* **WHAT YOU WILL DO**:
Write out all the data verbatim. Skip images.

* **DATA EXTRACT**:

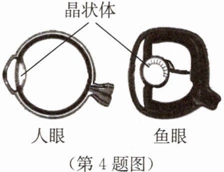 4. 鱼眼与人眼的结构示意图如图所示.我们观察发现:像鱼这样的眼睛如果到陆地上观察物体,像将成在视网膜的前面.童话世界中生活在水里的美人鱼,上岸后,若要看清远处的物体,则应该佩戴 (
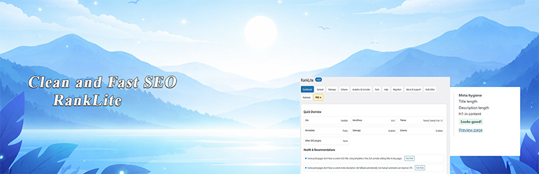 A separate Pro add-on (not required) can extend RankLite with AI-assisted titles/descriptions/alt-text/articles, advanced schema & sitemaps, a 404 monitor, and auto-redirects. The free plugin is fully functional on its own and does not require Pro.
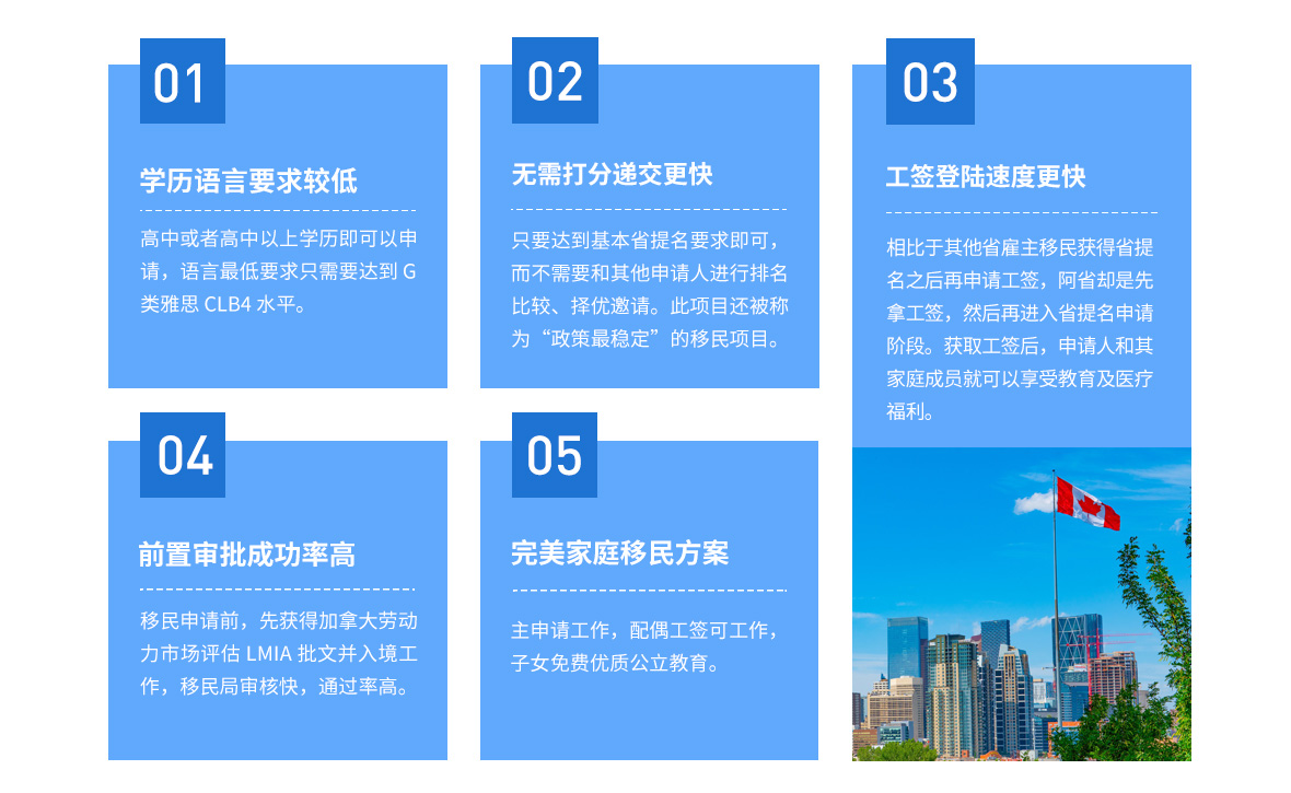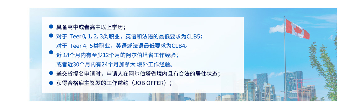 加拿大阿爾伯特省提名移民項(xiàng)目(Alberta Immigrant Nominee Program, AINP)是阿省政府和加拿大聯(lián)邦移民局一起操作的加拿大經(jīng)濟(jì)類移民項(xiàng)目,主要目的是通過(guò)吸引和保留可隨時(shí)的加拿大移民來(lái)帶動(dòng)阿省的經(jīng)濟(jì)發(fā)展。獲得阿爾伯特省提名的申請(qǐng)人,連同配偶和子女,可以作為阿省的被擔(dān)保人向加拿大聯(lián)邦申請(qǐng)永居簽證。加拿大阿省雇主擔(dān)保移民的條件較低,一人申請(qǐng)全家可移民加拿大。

* **RESPONSE TO THIS EXERCISE**:
 4. 鱼眼与人眼的结构示意图如图所示.我们观察发现:像鱼这样的眼睛如果到陆地上观察物体,像将成在视网膜的前面.童话世界中生活在水里的美人鱼,上岸后,若要看清远处的物体,则应该佩戴 (
 A separate Pro add-on (not required) can extend RankLite with AI-assisted titles/descriptions/alt-text/articles, advanced schema & sitemaps, a 404 monitor, and auto-redirects. The free plugin is fully functional on its own and does not require Pro.
 加拿大阿爾伯特省提名移民項(xiàng)目(Alberta Immigrant Nominee Program, AINP)是阿省政府和加拿大聯(lián)邦移民局一起操作的加拿大經(jīng)濟(jì)類移民項(xiàng)目,主要目的是通過(guò)吸引和保留可隨時(shí)的加拿大移民來(lái)帶動(dòng)阿省的經(jīng)濟(jì)發(fā)展。獲得阿爾伯特省提名的申請(qǐng)人,連同配偶和子女,可以作為阿省的被擔(dān)保人向加拿大聯(lián)邦申請(qǐng)永居簽證。加拿大阿省雇主擔(dān)保移民的條件較低,一人申請(qǐng)全家可移民加拿大。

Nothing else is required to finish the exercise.